Szilárd Páll pall.szilard at gmail.com
Thu Sep 22 16:26:38 CEST 2016


On Wed, Sep 21, 2016 at 9:55 PM,  <jkrieger at mrc-lmb.cam.ac.uk> wrote:
> Thanks Sz.
>
> Do you think going up to from version 5.0.4 to 5.1.4 would really make
> such a big difference?

Note that I was recommending using a modern compiler + the latest
release (which is called 2016 not 5.1.4!). It's hard to guess the
improvements, but from 5.0->2016 you should see double-digit
percentage improvements and going from gcc 4.4 to 5.x or 6.0 wil also
have a significant improvement.

> Here is a log file from a single md run (that has finished unlike the
> metadynamics) with the number of OpenMP threads matching how many threads
> there are on each node. This has been restarted a number of times with
> different launch configurations being mostly the number of nodes and the
> node type (either 8 CPUs or 24 CPUs).
> https://www.dropbox.com/s/uxzsj3pm31n66nz/md.log?dl=0

You seem to be using a single MPI rank per node ion these runs. That
will almost never be optimal, especially not when DD is not limited.

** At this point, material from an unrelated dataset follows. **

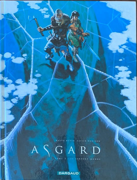 Asgard est un conte mythologique viking qui raconte l'histoire d'un handicapé destiné à être tué à sa naissance à cause de son infirmité. Epargné, il devient un formidable chasseur. Il est chargé de trouver et tuer un monstre marin, un Krökken, qui terrorise les pêcheurs. Cette traque dans le grand nord, alors que l'hiver arrive, sera pour lui et ses compagnons l'occasion de faire face à leurs démons intérieurs et de régler leurs comptes avec eux-mêmes. Le scénario de Xavier Dorison est jalonné de rebondissements. Il est porté par les superbes dessins de Ralph Meyer aidé de Caroline Delabie pour les couleurs. Découvrir

> From timesteps when checkpoints were written I can see that these
> configurations make quite a difference and per CPU, having 8 OpenMP
> threads per MPI process becomes a much worse idea stepping from 4 nodes to
> 6 nodes, i.e. having more CPUs makes mixed paralellism less favourable as
> suggested in figure 8. Yes, the best may not lie at 1 OpenMP thread per
> MPI rank and may vary depending on the number of CPUs as well.

Sure, but 8 threads panning over two sockets will definitely be
suboptimal. Start with trying fewer and consider using separate PME
ranks especially if you have ethernet.

> Also, I can
> see that for the same number of CPUs, the 24-thread nodes are better than
> the 8-thread nodes but I can't get so many of them as they are also more
> popular for RELION users.

FYI those are 2x6-core CPUs with Hyperthreading, so 2x12 hardware
threads. Also the two generations newer, so it's not surprising that
they are much faster. Still, 24 threads/node is too much. Use less.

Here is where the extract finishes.